Book Read Free

The Holy Dark

Page 45

by Kyoko M


  “No!” I shouted back.

  Aunt Carmen bared her teeth and swung again and again, slashing my back to ribbons. I lay there yelping into the dirt after every horrible blow, my entire world consumed in agony. She would never stop. She wanted me to suffer. What had I done to deserve this? Maybe she was right. Maybe I was insignificant.

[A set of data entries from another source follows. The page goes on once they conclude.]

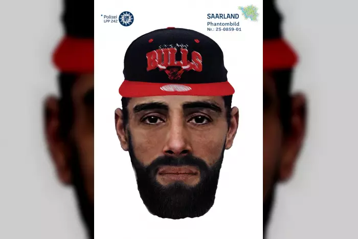 Beschreibung der Person: Ein Mann mit südländischem Aussehen, dunkler Hautfarbe, ungefähr 35 Jahre alt, 165-170cm groß, normale Statur, schwarze kurze Haare, gepflegter schwarzer Vollbart, trug eine dunkle Steppjacke, blaue Jeans und schwarze Turnschuhe. Auf dem Rücken der Jacke befand sich ein heller Aufdruck oder eine Stickerei. Außerdem trug der Täter eine schwarze Basecap mit einem unbekannten Symbol vorne und einem roten Mützenschirm. Es ist möglich, dass der Täter Narben im Gesicht hat.
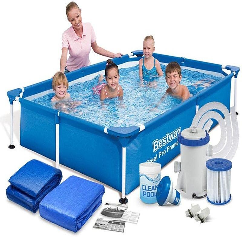 The Bestway BWAY Pool SteelPro 221x150x43CM M.M (Model 56401) is a compact and reliable above-ground pool designed for families and individuals seeking a convenient way to cool off during warm weather. Built with Bestway’s renowned Steel Pro frame system, this pool offers excellent durability and stability, thanks to its rust-resistant steel frame and high-quality materials. The DuraPlus™ liner, made from a three-layer reinforced material, is engineered for superior strength and puncture resistance, ensuring that the pool lasts season after season. With a water capacity of 1,200 liters when 90% full, this pool is perfect for small spaces and younger children, providing a safe and fun environment to splash and play. The rectangular design offers an efficient footprint that fits well in tight backyard spaces while still allowing room for movement and relaxation. Assembly is quick and easy, requiring no tools, and the pool can be disassembled just as effortlessly for storage when not in use. The compact size makes it ideal for patios, small gardens, or limited outdoor areas, while its sturdy structure ensures that safety and quality are never compromised. Whether you're looking for a way to entertain your kids, enjoy a relaxing dip, or add a touch of water fun to your summer days, the Bestway SteelPro 221x150x43CM pool offers a practical, durable, and affordable solution. Its lightweight design makes relocation easy, and the sleek look blends seamlessly with any outdoor décor. A great option for first-time pool buyers or families with limited space, this pool delivers unbeatable value and convenience in a stylish and compact package.
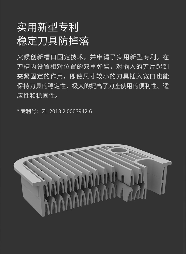 创新槽口固定技术,并申请了实用新型专利。在刀槽内设置相对应的双重弹臂,对插入的刀片起到夹紧固定的作用,即使是尺寸较小的刀具插入宽口也能保持刀具的稳定性。

  She finally stopped. I couldn’t move, and it took every ounce of my strength to keep breathing. “Have you had enough yet, Jordan? Are you willing to admit the truth?”

  “Maybe…” I whispered. “…maybe I’m not worthy of Michael. Maybe I’m not smart or powerful or compassionate. Maybe I hate myself more than I hate you or Mulciber or Belial. Maybe I am meant to spend the rest of my days in Hell with the other damned souls that have been trapped here.”

  I struggled with all my might to push up on my hands, wincing as the blood trickled down my arms to pool between my knuckles. I faced her with all the fury I could summon. “But that never gave you the right to treat me the way you did. I was a child. I should have been educated, not humiliated. Our family is small. We could have helped each other heal, but instead, you decided to take your past frustrations with my mother out on me. Well, guess what? It didn’t work. I’m still here, and my mother is in Heaven with her family where she belongs. So do your worst, tia. The only victory I can grasp is that no matter how low I sink…I will never be as wretched a person as you.”

  “Is that what you think will save you?” she sneered. “Your hatred? You are just proving that you deserve to rot with these other degenerates.”

  “It’s not hatred. It’s the truth. And the truth is…I forgave you after you sent me Andrew’s letters. You have nothing left to threaten me with other than physical pain. I won’t let you control my life any longer. I won’t give in to hatred because that’s exactly what you did, and I am not you. Do you hear me? I am not you.”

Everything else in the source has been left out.